Is going into politics like going into the family business? "I was Labour even before I knew what Labour meant," she says. "I've been going to party conferences since I was three. For me, being Labour meant going on rides in Blackpool. Later I became Labour in a conscious way when I joined the party and became an activist at 15, and then at 18 I spent a year as a full-time party organiser."

She grew up, she says, with political chatter bubbling up around her. She has "totally unremarkable" memories of a much younger Tony Blair hanging out and talking political strategy with her dad in the living room of their plush Notting Hill home, then years later, as Prime Minister, when her family moved to the Camden catchment area and into a £2 million house near Regent's Park.

At four, she was the cover-girl for the Labour Party manifesto.

And since age five, holidays have been spent at their 15th-century villa in Majorca with Alastair Campbell and his partner, Fiona Millar.

Her friend at high school was Alex Birtles, daughter of Patricia Hewitt, the former health secretary, and at Oxford, she followed Blair's son, Nicky, 23, another childhood friend, as the chair of the Oxford University Labour Club.

Yet it was her connections, or rather her injudicious use of them, that soured her relationship with Erith and Thamesmead Labour Party.

When, at Gould's request, Tessa Jowell, the Olympics Minister, pitched up to campaign on her behalf, the retiring Left-wing MP, John Austin, went ballistic.

He accused the national party of attempting to hijack the contest and threw his support behind the eventual winner, Teresa Pearce.

Was inviting Jowell a mistake? "No, no," she protests, "I wasn't trying to demonstrate my connections, just trying to create a buzz and re-energise the local party." Really? She pulls a mea culpa face. "Well, if I'm totally honest, maybe it was a mistake to bring in Tessa and use my family connections.

"It created the wrong impression. I was at my best when I was on my own going door-to-door and making personal contact."

She admits seeking advice from her father, who in 2004 was given a peerage and became Lord Gould. So is her dad, a man who should know a thing or two about how to win elections, paradoxically the reason for her defeat?

She laughs (something I discover she does a lot). "Of course I talked strategy with dad but mostly his advice was fatherly. When things got hard, he told me to stand tall and keep going.

"I'd seen him deal so bravely with getting oesophagus cancer last year, and enduring an operation and chemotherapy, which has thankfully put the cancer into remission. It gave me perspective.

"We're a very supportive family. You know, my mum is totally inspiring. And dad and I are close, too, and mad-keen season-ticket holders at QPR and attend almost every home game together."

She takes her religion from her (Jewish) mother, she adds, but her looks from her father. "Like dad as a kid, I have dirty-blonde hair and sticking-out ears. Actually, my ears have got better as I got older and as I've grown into my face."

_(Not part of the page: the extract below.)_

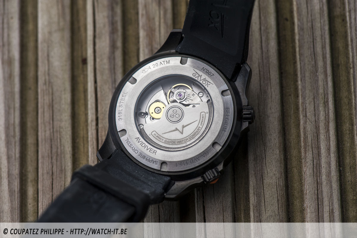 Le fond vissé et transparent de la Gavox Avidiver est gravé avec les informations clefs de la montre ainsi que son numéro de série. Le verre minéral vous permet de voir la décoration du Miyota 9015 (cotes de Genève et masse décorée avec le logo de Gavox spécialement pour ce modèle)
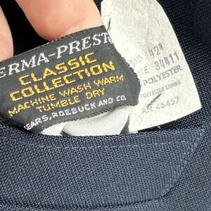 Add a touch of vintage charm to your wardrobe with this Sears Roebuck & Co PERMA-PREST Classic Collection reversible vest in size 42R. Featuring a Navy Blue/Blue side and a Grey/White side, this retro piece offers two versatile looks in one. Perfect for collectors, vintage enthusiasts, or anyone who appreciates classic menswear.

What's next? Will she target a seat vacated by one of the sleazy MPs now being deselected? She prevaricates.

Her immediate aim, she says, is to complete the June exams for her masters in politics at the London School of Economics, and to continue working a day-and-a-half a week (for £12 an hour) at Tony Blair's Faith Foundation. "And after that? I will stand again. Definitely. But I'm not sure whether it will be at the next election."

Why not? Was the contest too bruising? "No, I've come out of it stronger. I'm young. Time is on my side."

Her top job? "Oh, that would be Minister for Education," she says but immediately clamps her hand over her mouth like a naughty schoolgirl, aware of how ambitious it sounds.

Her mother, she'd told me earlier, never let anything stand in her way. "But of course, that's an impossible dream. What I really want is to be a Labour MP, a really good Labour MP."

No doubt, in time, the bitterly fought battle for Erith and Thamesmead will go down as a footnote in the history of Labour but for Gould it will always be writ large as her baptism of fire.